We think it appropriate to afford the Board a choice, either (1) that an order be entered striking from the Board’s order the words, “or any other employer” and the words “or any other employer or person” and enforcing the order as so modified, or (2) that the matter be remanded to the Board for such further proceedings, including the taking of additional evidence before the Examiner, as may be deemed appropriate in the light of this opinion. (See National Labor Relations Board v. International Longshoremen’s & Warehousemen’s Union, 283 F.2d 558 (9th Cir., 1960); cf. United Steelworkers of America, AFL-CIO et al. v. National Labor Relations Board, 294 F.2d 256 (D.C.Cir., 1961).)
If within thirty days, the Board shall file with this Court a statement that it prefers the second alternative, the matter will be remanded to the Board. If no such statement is filed, then the order will be modified and enforced. The exercise by the Board of the choice hereby afforded is not to be taken as a consent by it to the decision we have made, or a waiver of its right to seek further review if so advised.

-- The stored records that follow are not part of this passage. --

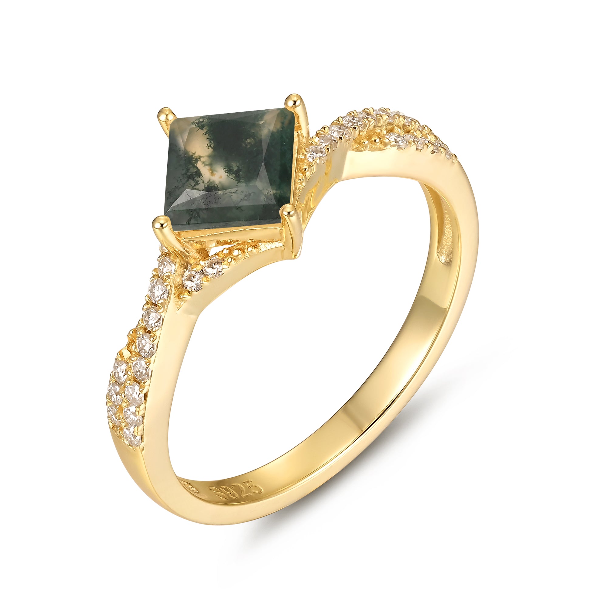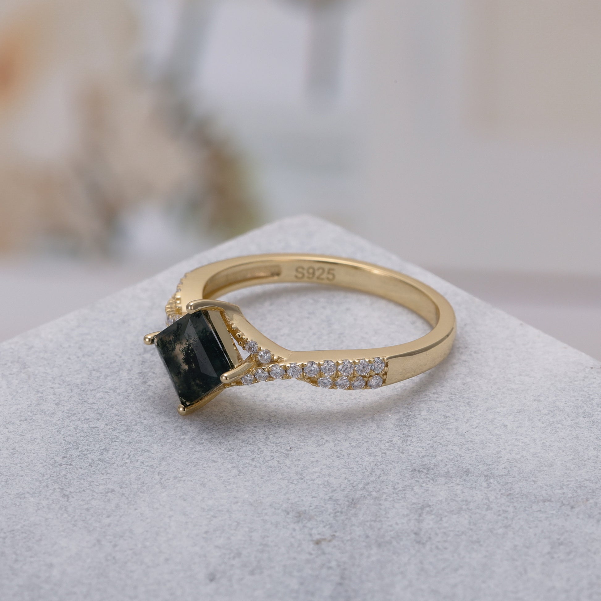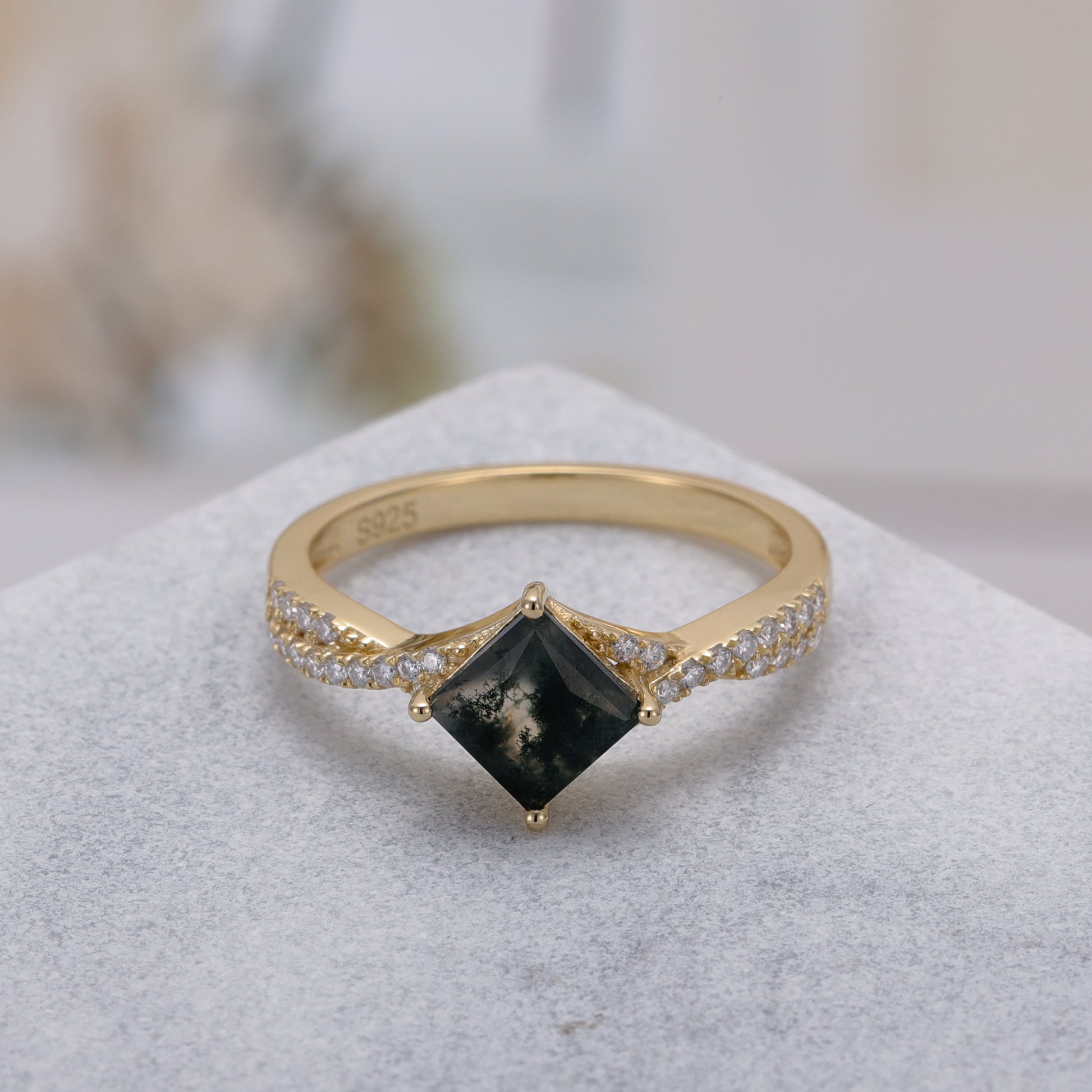 Natural Moss Agate Princess With Moissanite 925 Sterling Silver Ring
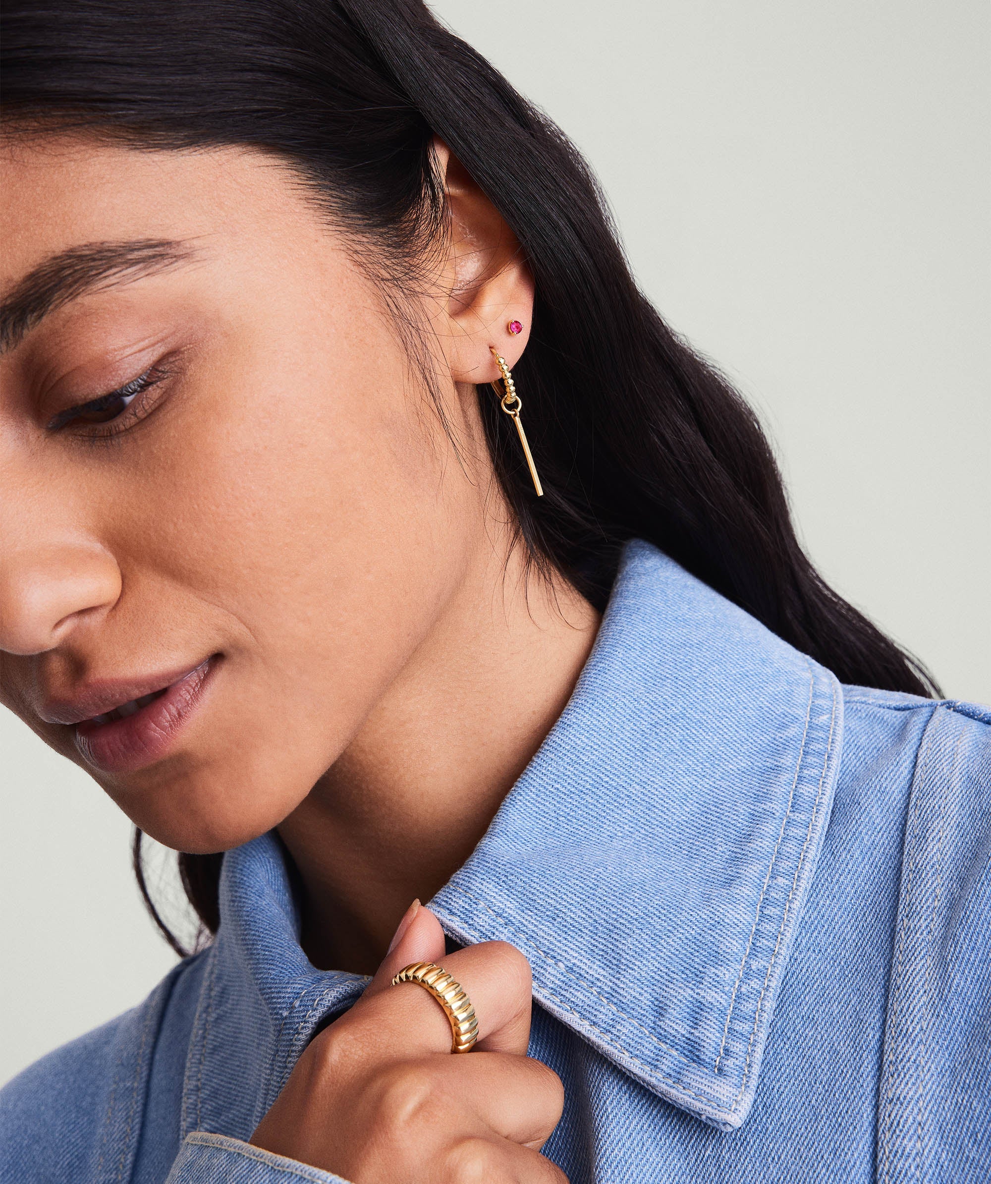 Our 14k gold pieces are made to last and perfect for everyday wear. Each piece is crafted from 94% recycled gold. 14k white gold pieces are finished with rhodium plating, giving them their signature color along with added shine and durability.
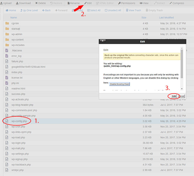 - Proverite koja baza je dodeljena sajtu i zapišite na nekom papiru. Proveravate tako što kliknete na fajl wp-config.php.
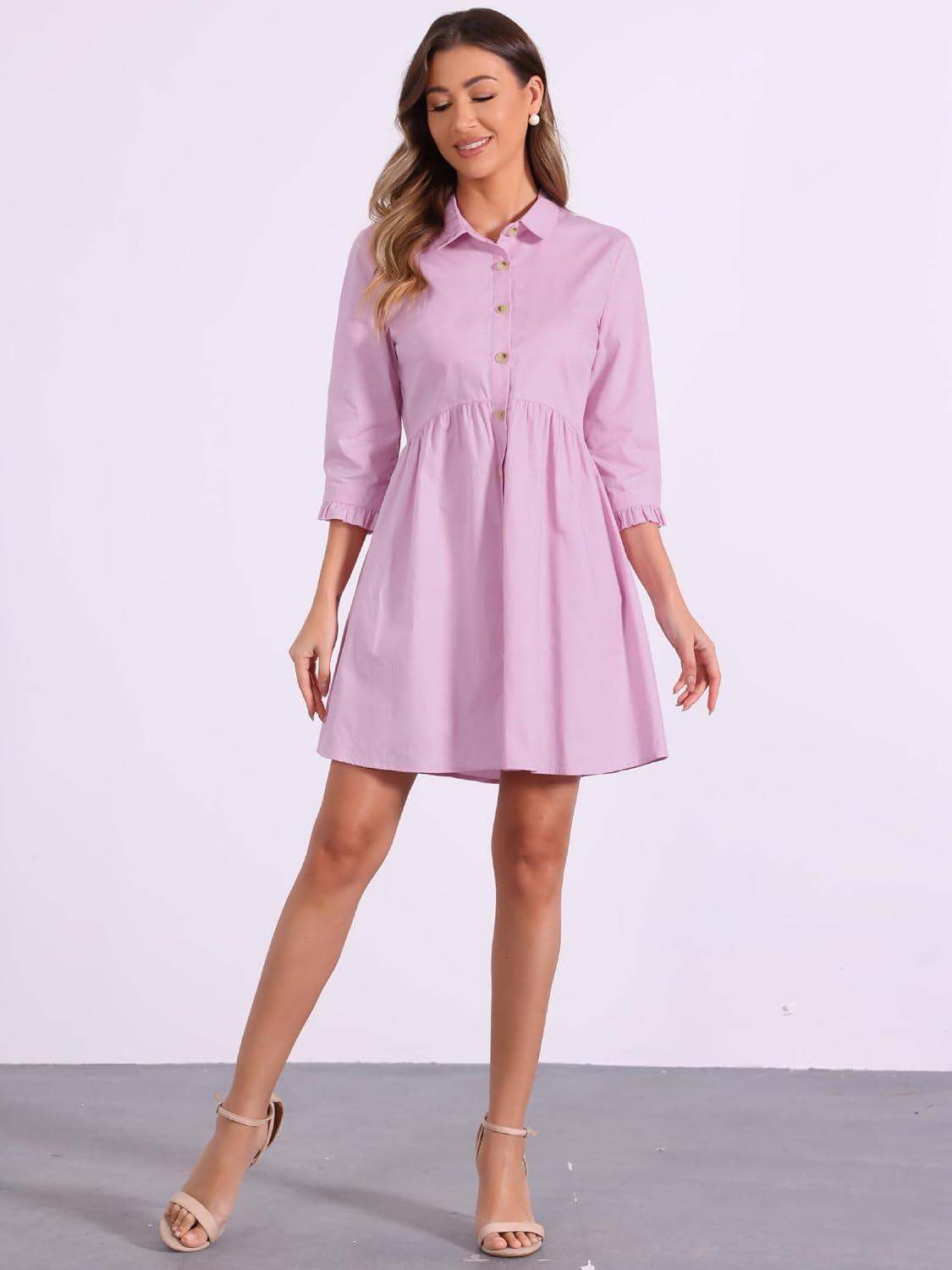 Allegra K Women's Shirt Dress Button Down 3/4 Sleeve School Work Mini Casual Shirtdresses(Pink Purple)

. “UNFAIR LABOR PRACTICES”
# * * * *
“Sec. 8(b) It shall be an unfair labor practice for a labor organization or its agents—
$ * * $ $
“(4) to engage in, or to induce or encourage the employees of any employer to engage in, a strike, or a concerted refusal in the course of their employment to use, manufacture, process, transport, or otherwise handle or work on any goods, articles, materials, or commodities or to pei'form any services, where an object thereof is: (A) forcing or requiring any employer or self-employed person to join any labor or employer organization or any employer or other person to cease using, selling, handling, transporting, or otherwise dealing in the products of any other producer, processor, or manufacturer, or to cease doing business with any other person; * * ”.
. International Brotherhood of Electrical Workers et al. v. National Labor Relations Board, 341 U.S. 694, 71 S.Ct. 954, 95 L.Ed. 1299 (1951) ; Local 74, United Brotherhood of Carpenters & Joiners of America, A.F. of L. et al. v. National Labor Relations Board, 341 U.S. 707, 71 S.Ct. 966, 95 L.Ed. 1309 (1951).